Lots of talk, little action sums up the first quarter of 2015.

While M&A chatter has spread through the markets the past few weeks, many companies have shored up their balance sheets with billions of dollars in equity raises and hunkered down.

E&P deal activity and value has plummeted. At mid-March 2015, deals in the United States and Canada have generated $2.1 billion, according to A-DCenter.com data. At the same point in 2014, deal activity was $17.9 billion.

Gabriele Sorbara, analyst, Topeka Capital Markets, gave his picks for top corporate takeout candidates among the companies he covers.

The companies include Cabot Oil & Gas Corp. (NYSE: COG), Energen Corp. (NYSE: EGN), Diamondback Energy Inc. (NASDAQ: FANG), Gulfport Energy Corp. (NASDAQ: GPOR), Laredo Petroleum Inc. (NYSE: LPI), Magnum Hunter Resources (NYSE: MHR) and Oasis Petroleum Inc. (NYSE: OAS).

“All would require significant premiums from current levels,” Sorbara said.

Additionally, FANG and EGN have the greatest upside to the transition to the Spraberry zones, he said.

M&A and joint venture (JV) chatter is spreading, but deals may be tough in this environment.

“While there has been much chatter regarding M&A in the sector, we do not believe the bid-ask spread has narrowed to a level to spark a wave of consolidation,” Sorbara said. “However, we would not be surprised to see some consolidation begin in the second half of 2015 timeframe as oil prices firm up, especially as managements’ expectations reset to a lower commodity price environment.”

However, everything is for sale at the right price.
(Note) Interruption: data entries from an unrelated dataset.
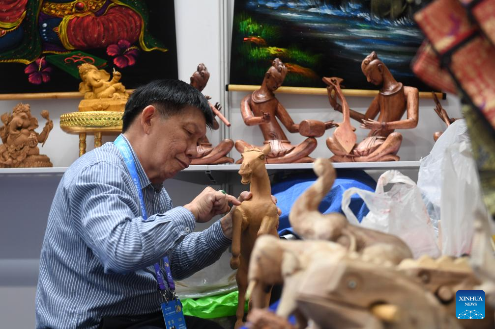 NANNING, 18 septiembre, 2023 (Xinhua) -- Un expositor clasifica productos básicos de Tailandia en el Centro Internacional de Conferencias y Exposiciones de Nanning, en Nanning, capital de la región autónoma zhuang de Guangxi, en el sur de China, el 18 de septiembre de 2023. La 20ª Exposición China-ASEAN abrió sus puertas el sábado en Nanning, capital de la región autónoma de la etnia zhuang de Guangxi, en el sur de China, con la asistencia de casi 2.000 empresas. Alrededor de 640 empresas de los miembros de la Asociación de Naciones del Sudeste Asiático (ASEAN) presentaron una amplia gama de productos básicos durante la exposición. (Xinhua/Lu Boan)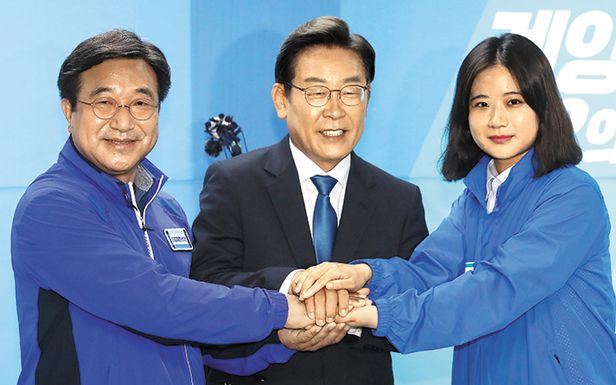 이재명, 선거사무실서 윤호중·박지현 만나 - 더불어민주당 이재명(가운데) 후보가 30일 자신의 인천 계양을 선거사무실에서 윤호중(왼쪽)·박지현 공동비대위원장과 손을 맞잡고 있다. /국회사진기자단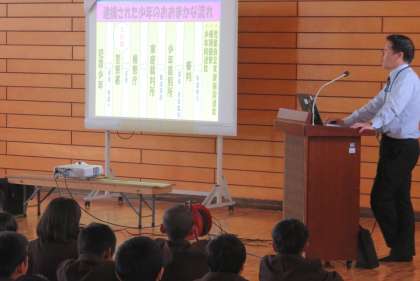 本日の6限、1年生は教育委員会から講師の先生に来て頂き、「正しい判断力と行動力を身につけよう」と題して、非行防止教室を行いました。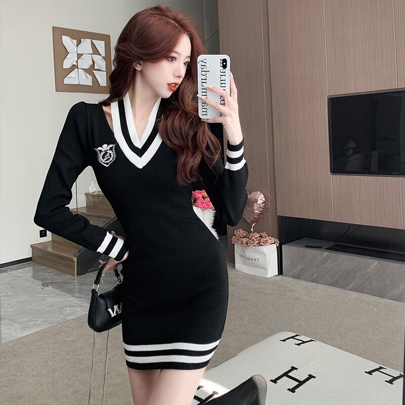 【CHERRYシリーズ】ワンピース ニット 黒 膝上 ストライプ柄 長袖 ブラック S M L

Higher quality asset companies will be the first to be acquired, Sorbara said.

“We continue to believe the lowest cost domestic plays, which are situated in the Permian Basin, Appalachia and in the Eagle Ford will continue to garner the M&A activity.”

Tudor, Pickering, Holt & Co. said service companies are also attracting attention. Forum Energy Technologies (NYSE: FET), for instance, is often thought of as a potential acquirer.

Tudor said March 16 that it expects slow and steady rather than eye-popping deals.

“Quite a bit of the interest we receive on FET has to do with M&A. What could they buy? Are there distressed opportunities to be taken advantage of?”

The firm said the recent $65 million acquisition of J-Mac Tool Inc., a frack equipment provider, is emblematic of what FET could do.

“This was a long-time target, family owned, and of the right size. In general, we see the bid/ask as still a headwind for the pace of deals right now. Sellers want to be paid on trailing results, which were great. Buyers want to pay on forward, which are going to be rough,” Tudor said. “But we believe FET has a target list it has been working for a while plus is likely on any logical list of manufacturer sellers so it will see the most opportunities in their targeted size range.”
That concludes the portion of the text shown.